All of the transitional justice techniques discussed here—trials, truth commissions, amnesties, apologies, and reparations—may or may not be appropriate to any particular national context. It may be most effective to apply them singly or in a sequenced combination. Timing is also important; there is such a thing as too soon as well as too late. And the political context is critical. If a given transitional justice measure is regarded as illegitimate by significant domestic and/or international constituencies, or if it is opposed by important regional or global powers, it may end up doing more harm than good.

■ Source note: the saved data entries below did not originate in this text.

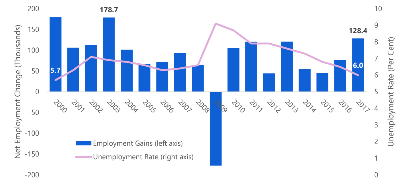 This graph shows Ontario’s net employment change and unemployment rate from 2000 to 2017. Employment grew in 2017 by +128,400 positions, the largest increase in jobs since 2003. The graph shows the unemployment rate declining since 2009, falling from 9.1 per cent in 2009 to 6.0 per cent in 2017.
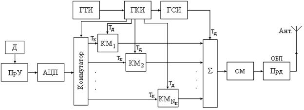 Ритм работы системы задается высокостабильным генератором тактовых импульсов (ГТИ). Тактовые импульсы поступают на генератор канальных импульсов (ГКИ), имеющий Nкан+1 выходов, где Nкан – число каналов. Канальные импульсы поступают соответственно на канальные модуляторы (КМi), где модулируются сообщениями, поступающими с коммутатора, а также на генератор синхронизирующих импульсов (ГСИ). На выходах КМ формируются модулированные канальные сигналы (первая ступень модуляции КвАМн). Параметры модуляции выбраны так, чтобы импульсы различных модулированных канальных сигналов (КС) не перекрывались. КС подаются на линейный сумматор (S) одновременно с последовательностью ИС, вырабатываемых ГСИ, которые необходимы для синхронизации работы приемной части. На выходе сумматора образуется групповой сигнал, состоящий из последовательности ИС и модулированных канальных импульсов. Групповой сигнал поступает на модулятор второй ступени (ОМ) и модулирует по амлитуде высокочастотную несущую (ОБП), вырабатываемую передатчиком (Прд).
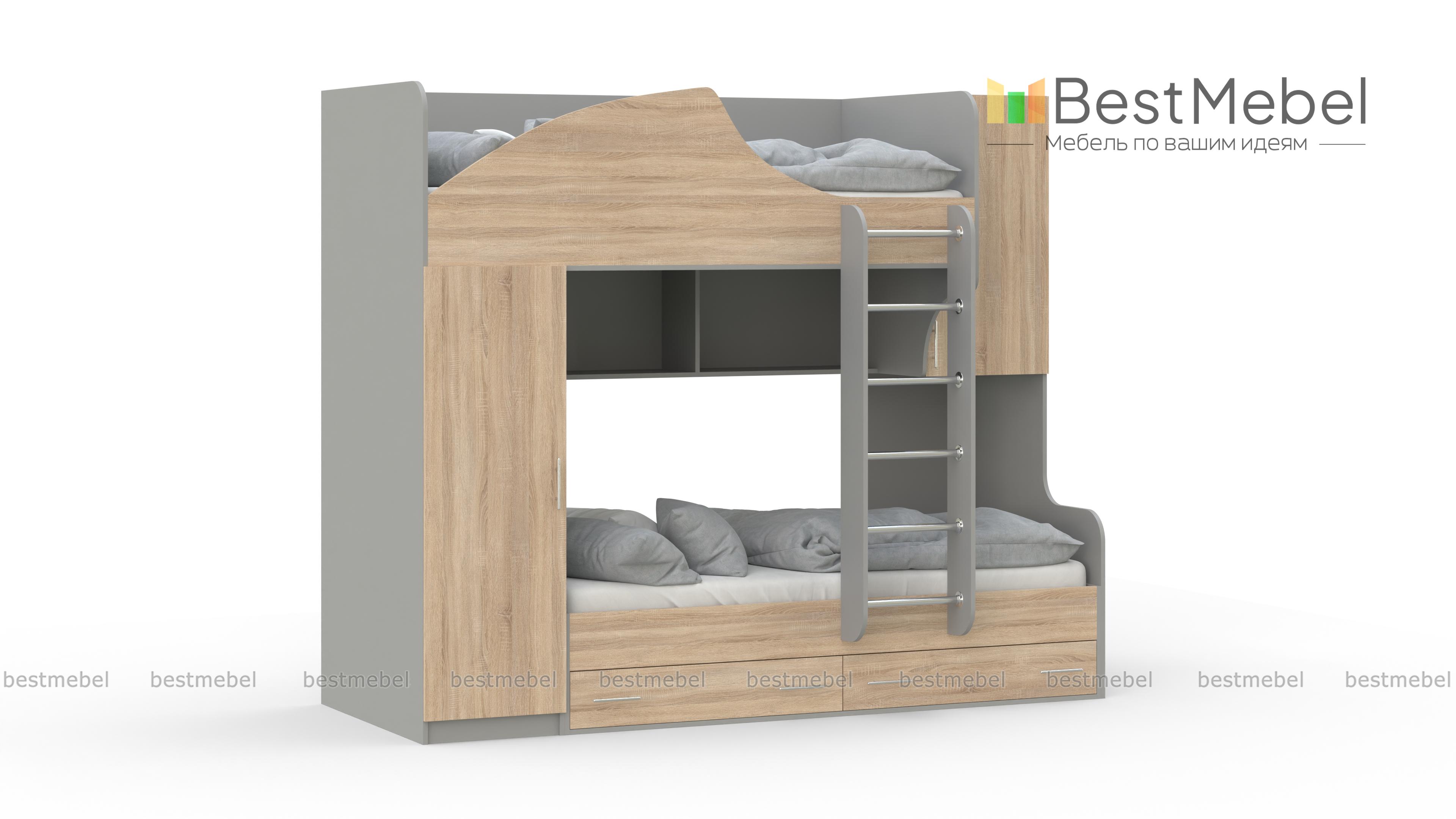 Двухъярусная кровать Белла 2 BMS – функциональная модель для детской в современном стиле. Кровать оборудована двумя просторными спальными местами, верхнее ограждено фигурно вырезанным, высоким бортиком. Для хранения книг и игрушек имеется открытая полка и распашной шкафчик между ярусами. Для предметов гардероба предусмотрен удобный встроенный шкаф. Купить двухъярусную кровать Белла 2 BMS, подобрав расцветку, вы сможете в нашем интернет-магазине.
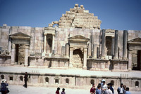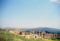 Jordan. Jerash, looking across Forum to South Theater and Temple of Zeus (Jupiter) (معبد زيوس)
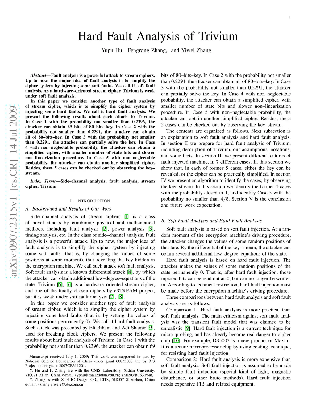 Hard Fault Analysis of Trivium

Consequently, transitional justice remains very much an art rather than a science.


[1] John D. Ciorciari and Anne Heindel, On Trial: The Khmer Rouge Accountability Process (Phnom Penh: Documentation Center of Cambodia, 2009).
 

[2] Howard J. De Nike, John Quigley, and Kenneth J. Robinson, eds., Genocide in Cambodia: Documents from the Trial of Pol Pot and Ieng Sary (Philadelphia: University of Pennsylvania Press, 2000).
 

[3] Craig Etcheson, “A Fair and Public Trial: A Political History of the Khmer Rouge Tribunal,” Justice Initiatives: The Extraordinary Chambers, James Goldston, ed., Open Society Institute, 2006.
 

[4] Craig Etcheson, After the Killing Fields: Lessons from the Cambodian Genocide (Westport, CT: Greenwood Publishing, 2005).
 

[5] Craig Etcheson, “The Politics of Genocide Justice in Cambodia,” Internationalized Criminal Courts: Sierra Leone, East Timor, Kosovo and Cambodia, Cesare P.R. Romano, André Nollkaemper, and Jann Kleffner, eds. (Oxford: Oxford University Press, 2004).